The early church met habitually on the first day of the week to worship the Lord. Paul wrote, “But in giving this instruction, I do not praise you, because you come together not for the better but for the worse . . . . Therefore when you meet together, it is not to eat the Lord’s supper” (1 Cor. 11:17, 20). Notice that these passages show that the church customarily assembled. The instructions in 1 Cor. 14 presuppose an assembly of the church. Heb. 10:25 says (“not forsaking our own assembling together”) which shows that the early church customarily assembled together for worship. This assembly occurred on the first day of the week is evident from the Scriptures as well. In 1 Cor. 16:1-2, Paul wrote, “Now concerning the collection for the saints, as I directed the churches of Galatia, so do you also. On the first day of the every week let each one of you put aside and save, as he may prosper, that no collections be made when I come.” The instructions were given to a number of churches; these were not limited to Corinth. The instructions enjoined were to be observed on the first day of every week. The instructions are not “come together to give” but “give while you are come together.” Therefore, this passage is conclusive evidence that the early church worshiped on Sunday, the first day of the week, which day came to be known as the Lord’s day.
Furthermore, Acts 20:7 shows that the early church worshiped regularly on the first day of the week. Paul was on his way to Jerusalem on an urgent trip to take funds gathered for benevolent purposes for the saints in Jerusalem. However, he wanted to worship with the saints at Troas. Apparently, he arrived on Monday for he tarried seven days (Acts 20:6) to await the assembling of the saints. The Scriptures say, “And on the first day of the week, when we were gathered together to break bread, Paul began talking to them, intending to depart the next day, and he prolonged his message until midnight.” Notice, that Paul expected the church to assemble on the first day of the week and, for that reason, waited seven days to meet with them. The early church usually met on that day to “break bread,” to observe the Lord’s supper. Therefore, this passage further confirms that the early church regularly worshiped on the first day of the week.

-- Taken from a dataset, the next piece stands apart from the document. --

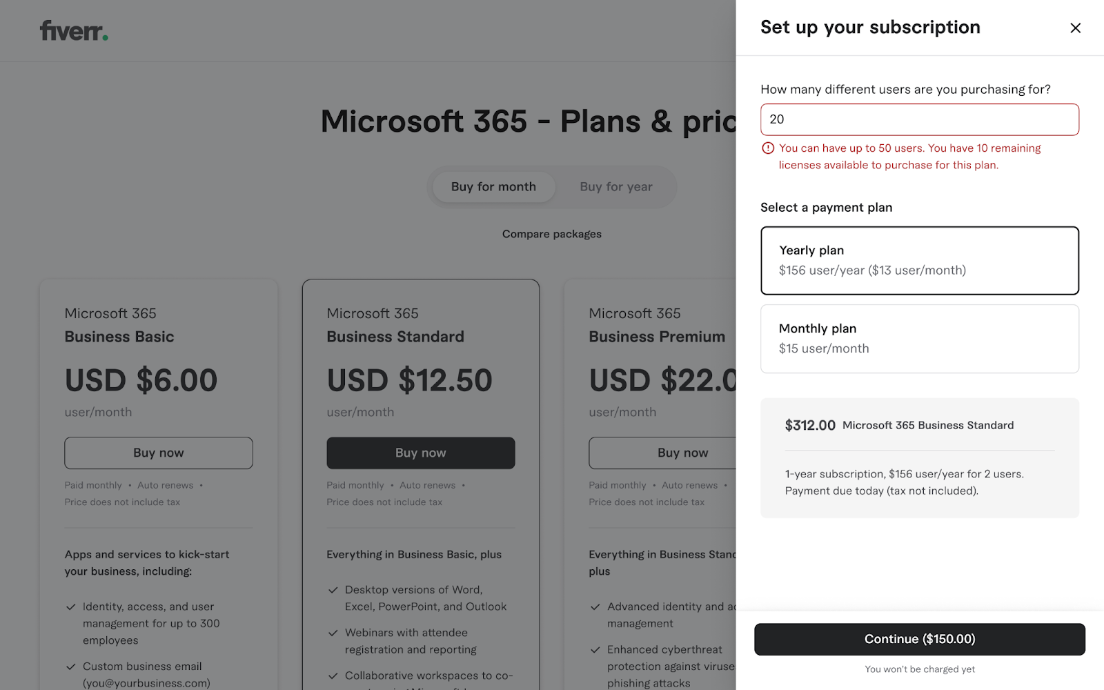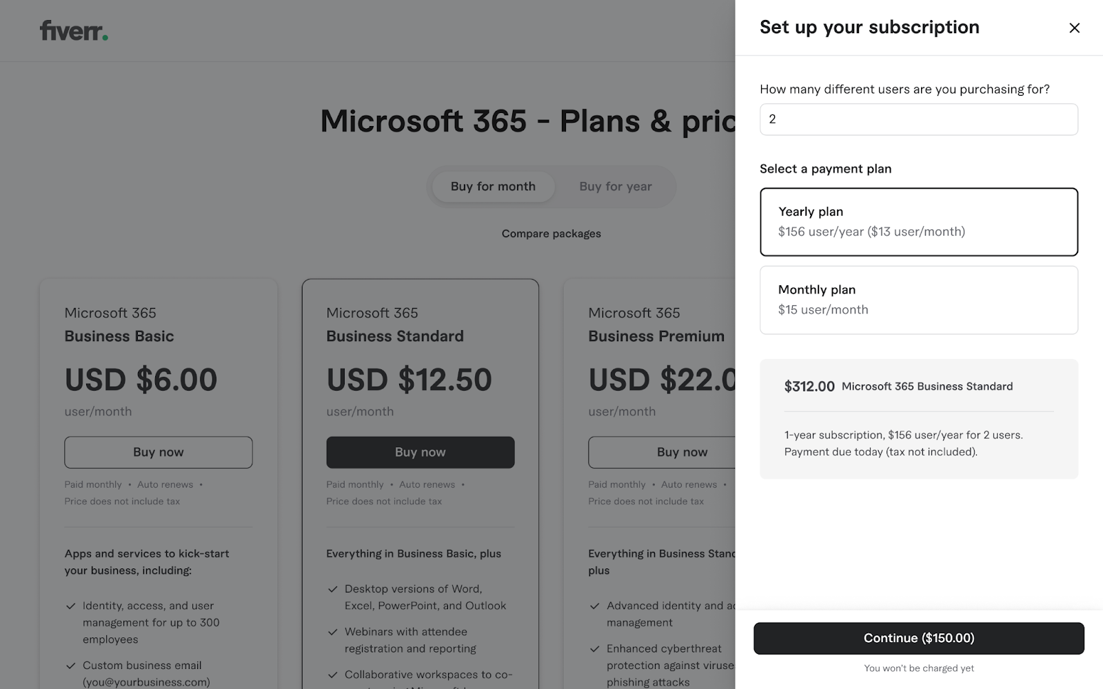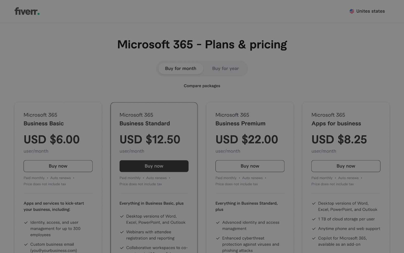 - Abre el enlace proporcionado por el freelancer, que te dirigirá a la página de planes de Microsoft 365 en Fiverr.

Conclusion: Why does the Lord’s church worship on the first day of the week? Because the Scriptures authorize it! Therefore, the first day of the week is the day of worship of the New Testament church. On that day, Christians worshiped according to the divine pattern provided by Jesus and His apostles. Do you observe each first day of the week, the Lord’s day? It is the only day set aside to remember the Lord’s death (1 Cor 11:24-26). Or are you still remembering God delivering your fathers from Egyptian slavery?